Preoperative 'Chemoradiation' for Stages II and III Rectal Carcinoma

Author Affiliations

From the Departments of Surgery (Drs Stryker, Ujiki, and Poticha), Radiation Oncology (Dr Kiel), Biometrics (Dr Rademaker), and Medicine (Dr Shaw), Northwestern University Medical School, Chicago, Ill.

Arch Surg. 1996;131(5):514-519. doi:10.1001/archsurg.1996.01430170060012

Objective:  To determine whether preoperative administration of combination chemotherapy and external beam irradiation ("chemoradiation") for patients with stage II or stage III rectal carcinoma had an impact on perioperative morbidity or oncologic outcome, as compared with patients not receiving preoperative chemoradiation.

Design:  A group of patients with stage II or stage III rectal carcinoma receiving preoperative chemoradiation were followed up prospectively and compared in a nonrandomized fashion with an inception cohort group of similar patients.

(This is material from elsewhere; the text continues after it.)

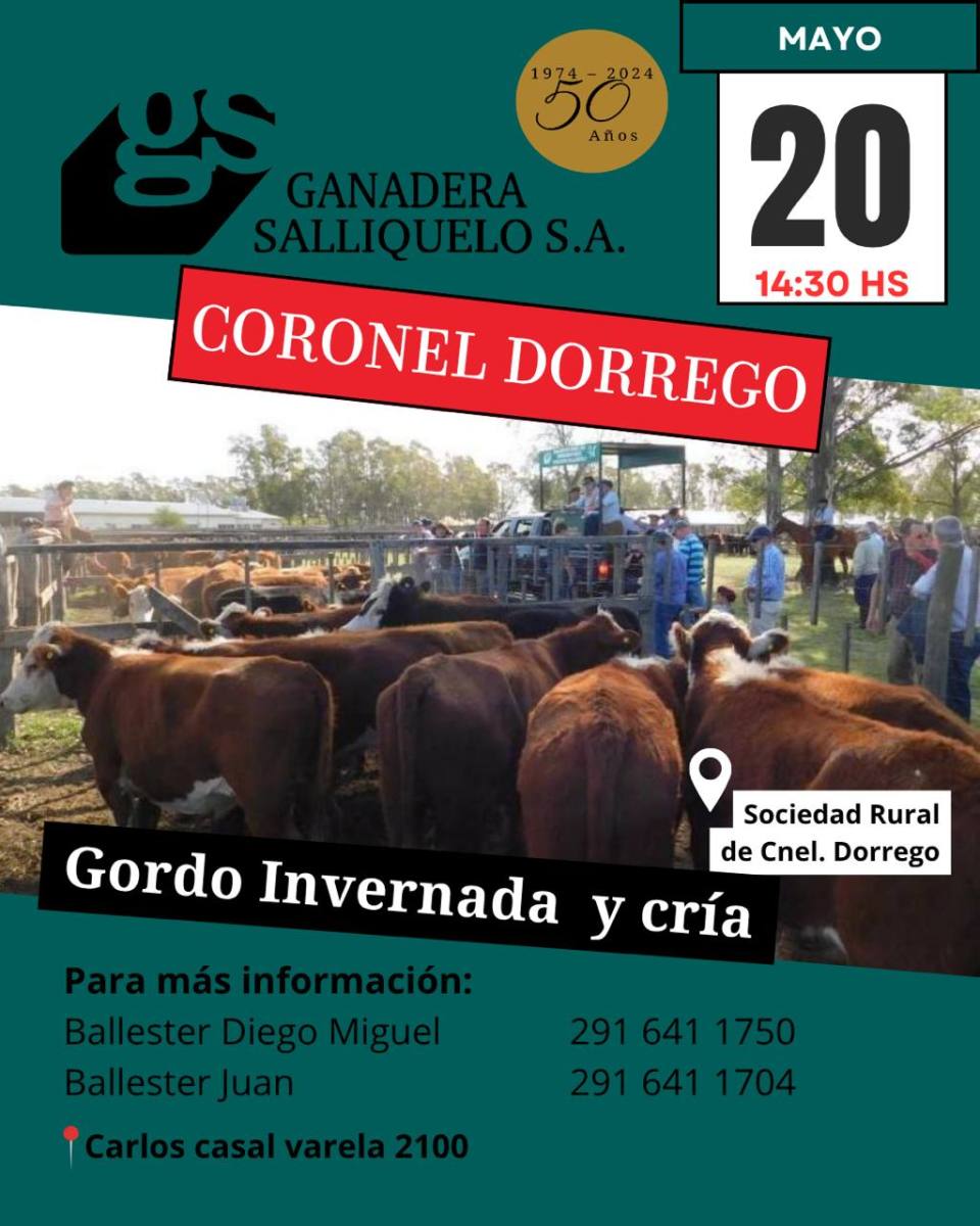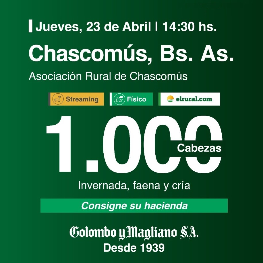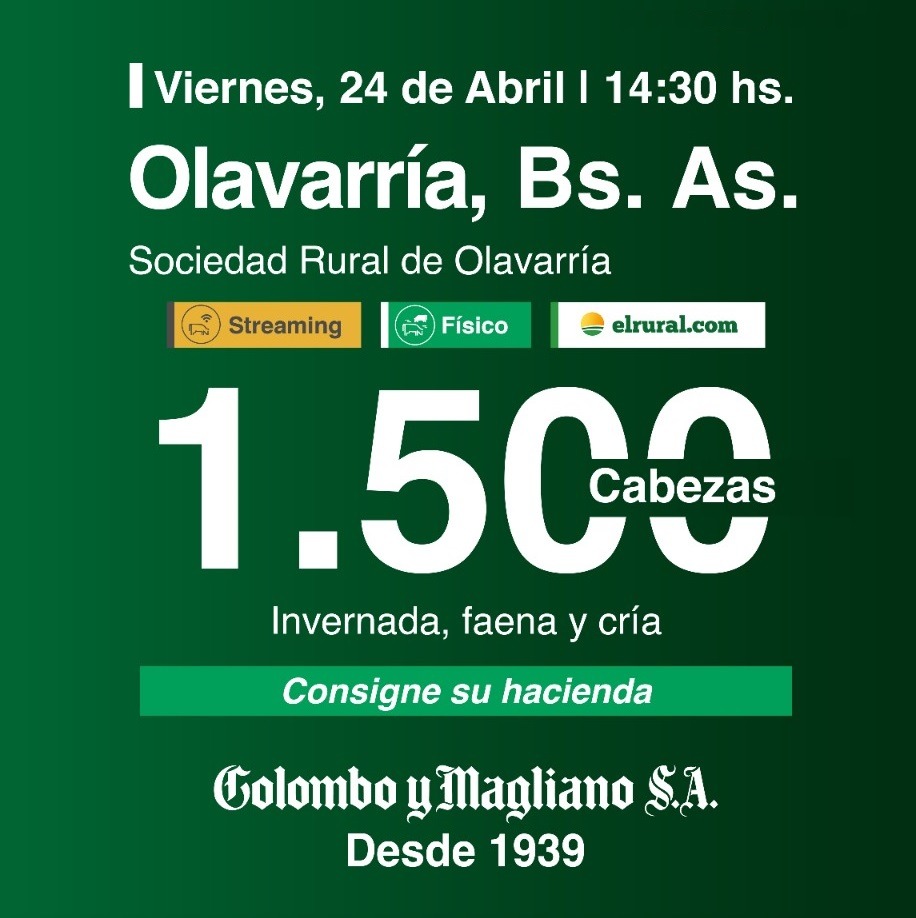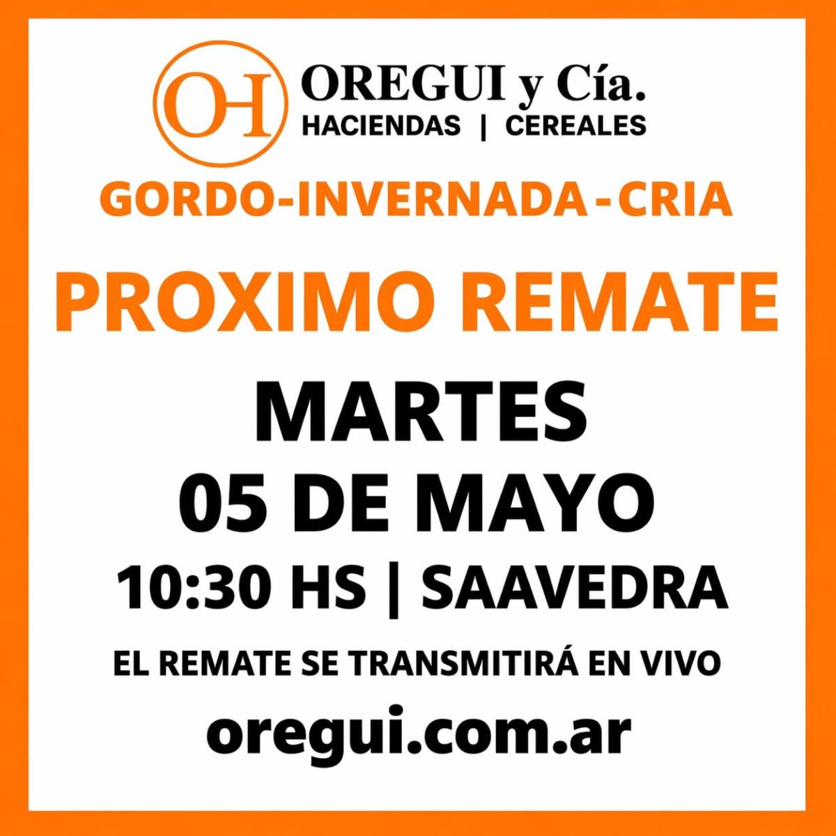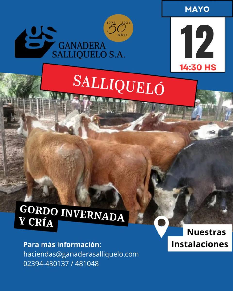 Agenda de Remates LANUSSE SANTILLAN EN TORNQUIST GORDO, INVERNADA Y CRIA 18 de abril de 2026 12:00 hs. ASOCIACIÓN RURAL DE TORNQUIST 11 6973-7363 Enviar E-Mail Sitio Web MADELAN ESPECIAL DE ZAFRA - LOS QUIRQUINCHOS GORDO, INVERNADA Y CRIA 21 de abril de 2026 09:30 hs. LOS QUIRQUINCHOS - WEB MADELAN 2983 40-7854 N/D Sitio Web COLOMBO Y MAGLIANO EN RAUCH GORDO, INVERNADA Y CRIA 21 de abril de 2026 14:00 hs. SOCIEDAD RURAL DE RAUCH 2914 04-2440 N/D Sitio Web MARTIN Y ALONSO EN GUAMINI GORDO, INVERNADA Y CRIA DIFERIDO POR LLUVIAS 21 de abril de 2026 10:30 hs. UNION DE GANADEROS 2923 64-1340 Enviar E-Mail Sitio Web GREGORIO ABERASTURI EN CARHUE GORDO, INVERNADA Y CRIA 22 de abril de 2026 15:00 hs. SOCIEDAD RURAL DE ADOLFO ALSINA CARHUE Enviar E-Mail Sitio Web MARTIN Y ALONSO EN HUANGUELEN ESPECIAL DE GORDO 22 de abril de 2026 10:30 hs. HUANGUELEN 2923 64-1340 Enviar E-Mail Sitio Web COLOMBO Y MAGLIANO EN CHASCOMUS GORDO, INVERNADA Y CRIA 23 de abril de 2026 14:30 hs. SOCIEDAD RURAL DE CHASCOMUS 2914042440 N/D Sitio Web LANUSSE SANTILLAN EN PEHUAJO GORDO, INVERNADA Y CRIA 23 de abril de 2026 11:00 hs. SOCIEDAD RURAL DE PEHUAJO 11 6973-7363 Enviar E-Mail Sitio Web VITTORI ERCAZTI EN LA WEB INVERNADA Y CRIA 23 de abril de 2026 09:30 hs. SOCIEDAD RURAL DE BAHÍA BLANCA 2916 42-0950 Enviar E-Mail Sitio Web CAMPOS Y GANADOS DESDE CLARAZ GORDO, INVERNADA Y CRIA DIFERIDO AL 23/04 23 de abril de 2026 14:00 hs. FERIA CLARAZ 11 2774-7441 N/D Sitio Web ALFREDO S MONDINO - OLAVARRIA GORDO, INVERNADA Y CRIA 23 de abril de 2026 11:00 hs. SOCIEDAD RURAL DE OLAVARRIA 2923578916 N/D Sitio Web GANANOR PUJOL - 3° REMATE DEL SUDOESTE BONAERENSE INVERNADA Y CRIA 23 de abril de 2026 17:00 hs. CORONEL SURAREZ POLO CLUB - STREAMING 11 6655-0551 N/D Sitio Web NESTOR HUGO FUENTES EN REALICO GORDO, INVERNADA Y CRIA DIFERIDO POR LLUVIAS AL VIERNES 24 24 de abril de 2026 10:00 hs. REALICO- PREDIO NHF 2954 47-8046 Enviar E-Mail Sitio Web BRANDEMANN EN LA WEB INVERNADA Y CRIA ATENCIÓN: HOTEL CRISTAL 24 de abril de 2026 11:00 hs. CASTEX - POR PANTALLA- HOTEL CRISTAL 2916 42-2918 N/D Sitio Web COLOMBO Y MAGLIANO EN OLAVARRIA GORDO, INVERNADA Y CRIA ATENCIÓN: REPROGRAMADO POR LLUVIAS 24/04 24 de abril de 2026 14:00 hs. SOCIEDAD RURAL DE OLAVARRIA +54 9 2914 04-2440 N/D Sitio Web PRODUCTORES RURALES DEL SUD EN BAHIA BLANCA GORDO, INVERNADA Y CRIA REMATE 13° ESPECIAL DE ANGUS 29 de abril de 2026 14:30 hs. ASOCIACIÓN DE GANADEROS Y AGRICULTORES- CANAL RURAL 2914 13-3125 Enviar E-Mail Sitio Web COLOMBO Y MAGLIANO EN SANTA ROSA GORDO, INVERNADA Y CRIA 29 de abril de 2026 10:00 hs. SANTA ROSA - SOCIEDAD RURAL DE SANTA ROSA- CANAL RURAL 2914 04-2440 N/D Sitio Web ANSALDO Y CIA - EN CORONEL SUAREZ GORDO, INVERNADA Y CRIA 29 de abril de 2026 14:30 hs. SOCIEDAD RURAL DE CORONEL SUAREZ 2923 64-4817 N/D Sitio Web ALFREDO S MONDINO - ESPECIAL DESTETE RAUCH FAENAR, INVERNADA Y CRIA 30 de abril de 2026 11:00 hs. SOCIEDAD RURAL DE RAUCH 2923 57-8916 N/D Sitio Web 50° EXPOSICIÓN RURAL DE TORNQUIST 2° CONCURSO Y VENTA DE TERNEROS DEL SO 01 de mayo de 2026 10:00 hs. ASOCIACIÓN RURAL DE TORNQUIST 2916 43-3130 Enviar E-Mail Sitio Web ECHEGUIA HERMANOS EN TORNQUIST EN EL MARCO DEL 2° CONCURSO DEL TERNERO DEL SO 04 de mayo de 2026 11:00 hs. ASOCIACIÓN RURAL DE TORNQUIST 2916 43-3130 N/D Sitio Web OREGUI EN SAAVEDRA GORDO, INVERNADA Y CRIA ATENCIÓN POSTERGADO POR LLUVIAS. 05 de mayo de 2026 10:30 hs. ASOCIACION RURAL DE SAAVEDRA 2923 64-1494 Enviar E-Mail Sitio Web ALFREDO S MONDINO - ESPECIAL DE VACAS TELEVISADO PAMPA HUMEDA 05 de mayo de 2026 11:00 hs. CANAL RURAL 2923 57-8916 N/D Sitio Web 1° REMATE ESPECIAL DE OTOÑO - ANGUS DEL SUR DON FIOTO - STROEDER 06 de mayo de 2026 14:00 hs. STROEDER - INSTALACIONES DE LA COOPERATIVA 2920 32-7445 Enviar E-Mail N/D GREGORIO ABERASTURI EN LA WEB INVERNADA Y CRIA 06 de mayo de 2026 09:30 hs. PLAZA GANADERA - WEB PROPIA 2923 53-7977 Enviar E-Mail Sitio Web GANADERA SALLIQUELO EN CORONEL PRINGLES GORDO, INVERNADA Y CRIA 06 de mayo de 2026 14:30 hs. SOCIEDAD RURAL DE CORONEL PRINGLES 2916 42-5562 Enviar E-Mail Sitio Web COLOMBO Y MAGLIANO EN CHASCOMUS GORDO, INVERNADA Y CRIA 06 de mayo de 2026 14:30 hs. SOCIEDAD RURAL DE CHASCOMUS 0291-4042440 N/D Sitio Web VITTORI ERCAZTI EN BAHÍA BLANCA GORDO, INVERNADA Y CRIA 07 de mayo de 2026 10:00 hs. SOCIEDAD RURAL DE BAHÍA BLANCA 2916 42-0950 Enviar E-Mail Sitio Web BALLESTER HNOS - SEGUNDO REMATE EN VILLA IRIS GORDO, INVERNADA Y CRIA 08 de mayo de 2026 14:30 hs. PREDIO JUAN MANUEL GARCIARENA - VILLA IRIS 2916 41-1704 Enviar E-Mail Sitio Web ARZOZ EN TRES ARROYOS GORDO, INVERNADA Y CRIA 08 de mayo de 2026 14:30 hs. PREDIO FERIAL DE TRES ARROYOS 2983 61-0503 N/D Sitio Web GANADERA SALLIQUELO EN SALLIQUELO GORDO, INVERNADA Y CRIA 12 de mayo de 2026 14:30 hs. PREDIO FERIAL EN SALLIQUELO 2392 62-9069 Enviar E-Mail Sitio Web CIVARDI Y BLANCO EN CORONEL DORREGO GORDO, INVERNADA Y CRIA 14 de mayo de 2026 11:00 hs. SOCIEDAD RURAL DE CORONEL DORREGO 2921 40-7015 Enviar E-Mail N/D LAS "MAS" DE DELFINAGRO CABAÑA LAS BLANCAS DESDE LAS FLORES 14 de mayo de 2026 12:30 hs. SOCIEDAD RURAL DE LAS FLORES 11 6671-7021 N/D Sitio Web BERTIN EN 17 DE AGOSTO GORDO, INVERNADA Y CRIA 15 de mayo de 2026 15:00 hs. PREDIO FERIAL DE 17 DE AGOSTO 2923 69-4177 Enviar E-Mail N/D 8° REMATE DE OTOÑO DE CABAÑA TRES MARIAS EN CONJUNTO CON GANADERA SALLIQUELO CABAÑAS INVITADAS: LA CIRILA - ANGUS DEL SUR 15 de mayo de 2026 13:30 hs. PREDIO PROPIO EN SALLIQUELO 2916 41-1704 Enviar E-Mail Sitio Web GANADERA SALLIQUELO EN CORONEL DORREGO GORDO, INVERNADA Y CRIA 20 de mayo de 2026 14:30 hs. SOCIEDAD RURAL DE CORONEL DORREGO 2916 41-1750 Enviar E-Mail Sitio Web ALFREDO S MONDINO - GRAN REMATE ANUAL ANGUS EXPO PALERMO DE OTOÑO - 5° CONCURSO FAENA ANGUS 21 de mayo de 2026 11:00 hs. SOCIEDAD RURAL DE PALERMO - CANAL RURAL 2923 57-8916 N/D Sitio Web ALFREDO S MONDINO - VENTA DE CAMPEONES VENTAS DE LOS CAMPEONES DE OTOÑO ANGUS 22 de mayo de 2026 19:00 hs. SOCIEDAD RURAL DE PALERMO - CANAL RURAL

Setting:  Northwestern Memorial Hospital, Chicago, Ill, a tertiary care academic medical center.

Patients:  Thirty patients with rectal carcinoma undergoing preoperative chemoradiation were compared with 56 patients not undergoing preoperative chemoradiation, and also with a subset group of 24 patients who received standard postoperative adjuvant chemoradiation.

Intervention:  External beam radiation, 45 to 50 Gy, was delivered concurrently with fluorouracil and mitomycin 4 to 8 weeks prior to surgical resection.

Main Outcome Measures:  Patients were followed up at regular intervals for either tumor recurrence or death. In addition, the group receiving preoperative chemoradiation was evaluated for major perioperative morbidity.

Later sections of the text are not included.